* _WORK REQUEST_
Copy out the data that comes next, character for character, and leave the images aside.

* _RAW DATA_

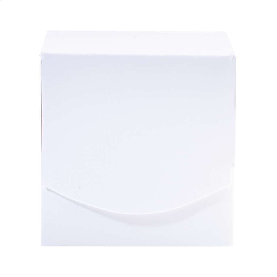 Cube-shaped candy dispenser box filled with 40 grams of individually wrapped mixed fruit candies, featuring all-over full color printing for custom branding. Ideal for promotional giveaways at events or offices.
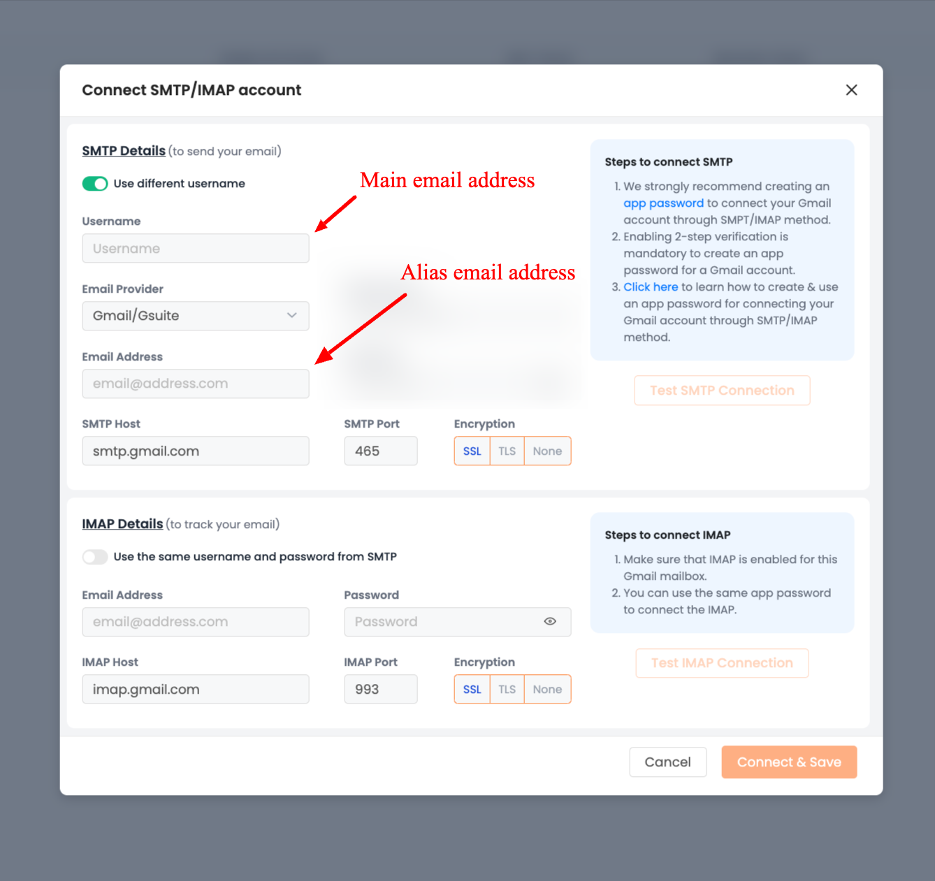 🚨Important: Select your email provider and enable the "Use different username" toggle. This will let you specify an alias for sending emails.
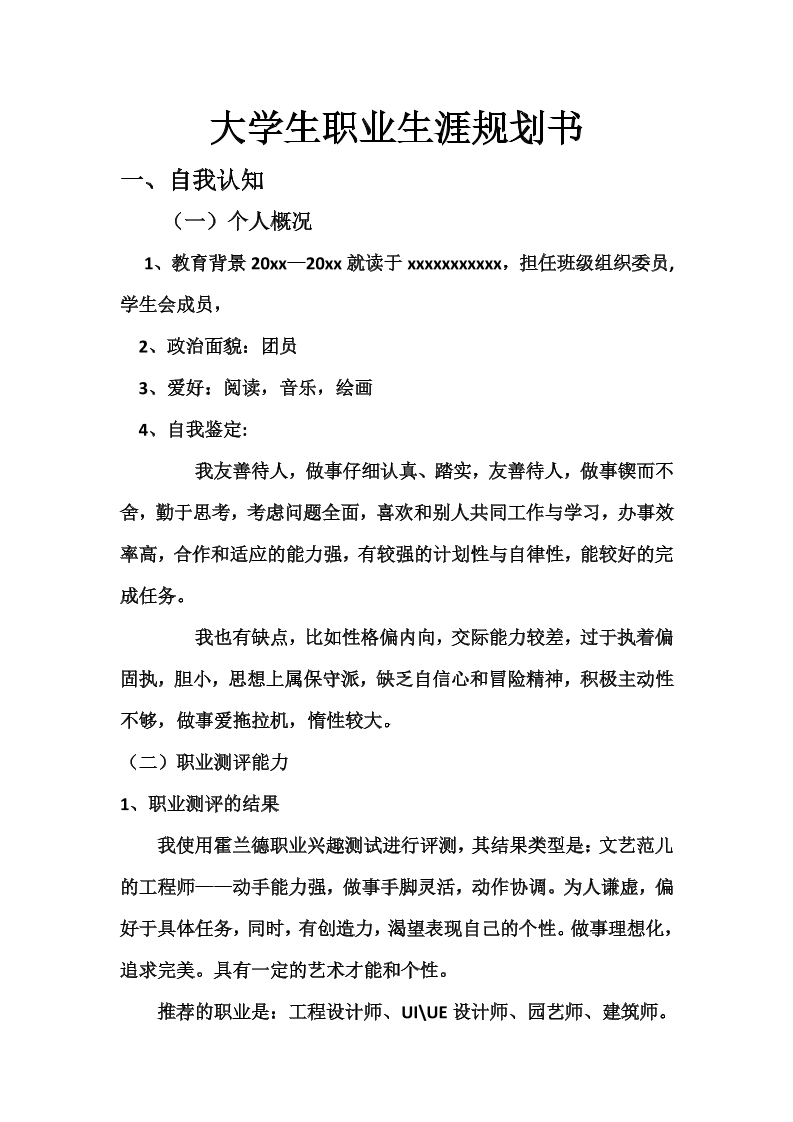 我的大学职业生涯规划(艺术设计)

* _RESULT_
 Cube-shaped candy dispenser box filled with 40 grams of individually wrapped mixed fruit candies, featuring all-over full color printing for custom branding. Ideal for promotional giveaways at events or offices.
 🚨Important: Select your email provider and enable the "Use different username" toggle. This will let you specify an alias for sending emails.
 我的大学职业生涯规划(艺术设计)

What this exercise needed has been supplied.